Last August, in the central Brazilian city of Goiânia, Marília Mendonça took the stage at a surprise concert. She repeated the surprise show in 10 other cities in the country. Brazilian crowds are known for their passion, but Mendonça's fans sang along with special excitement because the shows were announced on social media just hours in advance — a fitting move for Mendonça's brand and career, both of which have flourished through her social media strategy. Not only is she's the third most viewed female Latin artist in YouTube history, behind only Jennifer Lopez and Shakira, five of this album's videos are currently on Brazil's YouTube Top 40.
These 10 shows were recorded for Mendonça's latest album, a live album, called Todos Os Cantos or All The Corners.
Mendonça is known as Brazilian music's "Queen of Suffering." It's a reputation the singer lives up to in one of her current hits, "Bem Pior Que Eu." where the song's narrator is the other woman in an affair who's tired of being second choice.
Mendonça grew up in Goiânia, the heartland a kind of Brazilian country music called sertanejo. Like American country, sertanejo has found mainstream success and can be nearly indistinguishable from pop. For Mendonça, an accordion is sometimes incorporated to bring in much of the rural character into her songs. One example of that being "Passa Mal," which was recorded in Recife, Brazil. "In my life, your heart served as a step," she sings in her rich voice. "Seeing you suffer is not good, it's sensational."
Some of Brazil's cosmopolitan crowd scorns Mendonça's country power ballads as, "brega," or corny music. Sentimental or not, her songs offer a woman's perspective that hasn't been heard much in sertanejo's machismo culture, and it's made Mendonça the leading voice of a new subgenre called "feminejo"-- music by and for women.
Mendonça's the first to say her brand of feminism is more of an attitude than a political position. Still, millions of fans find empowerment in her song lyrics that reject bad relationships or refuse to compete with women on the other side of the cheating equation. Fans simply see their own flawed lives represented in her songs, like the relatable scenario in "Bebi Ligue" of drinking, calling, hooking up and regretting.
Mendonça's been an advocate for imperfection in other ways, like resisting beauty standards with her full-bodied stature.

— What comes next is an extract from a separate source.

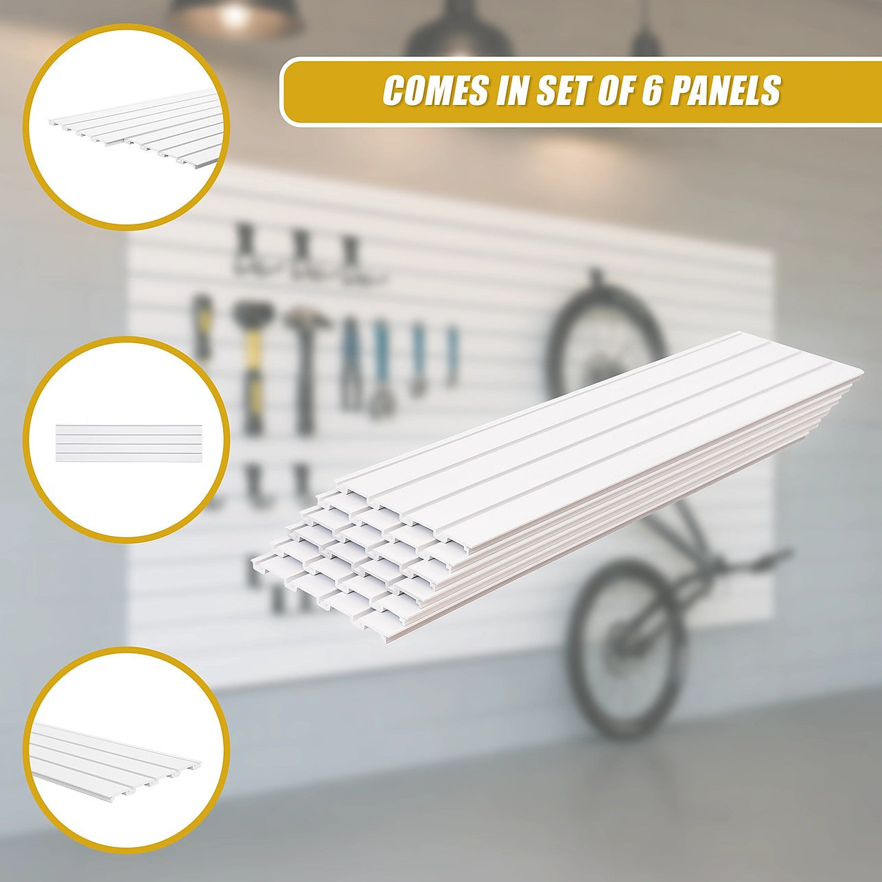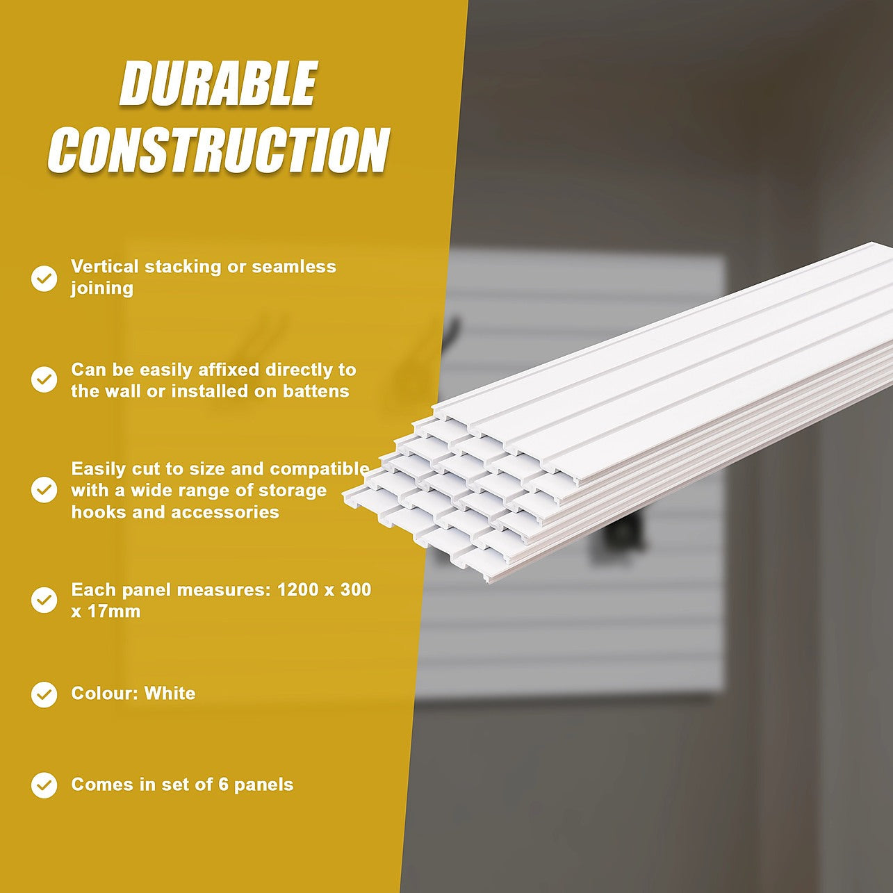 Transform your home garage or retail space with a 6-pack (2.16SQM) of PVC Slatwall Storage Panels from Randy & Travis, maximising your wall space with this exceptional wall storage system.
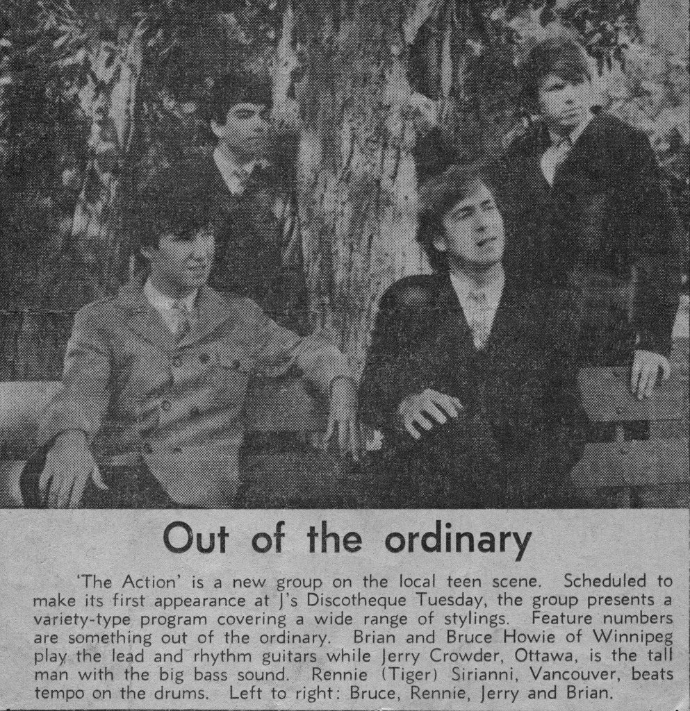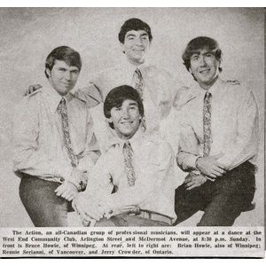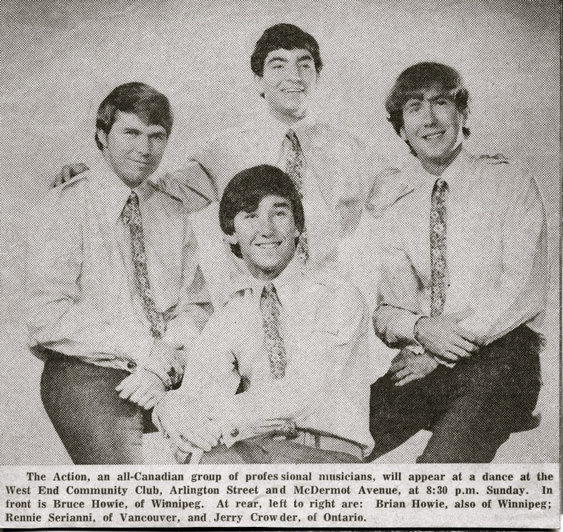 The Action formed in Winnipeg, Manitoba after the Howie brothers completed high school in Shilo. Brian, Bruce and Rennie Sirianni had previously played for two years as The Saints, an instrumental group that developed while the three were teenagers; Jerry Crowder, who lived in Ottawa, joined them during summer breaks. As high school ended, the group decided to move beyond instrumentals, adding vocals and original material to their repertoire.

That's changing a bit now after a few years into her career, with some weight loss and plastic surgery. But like everything else in her life, she's sharing details of this transformation on social media, taking fans along for the ride. Mendonça never apologizes for expressing the truth of her experience as a young woman, and that transparency has helped make her one of the most popular artists in Brazil today.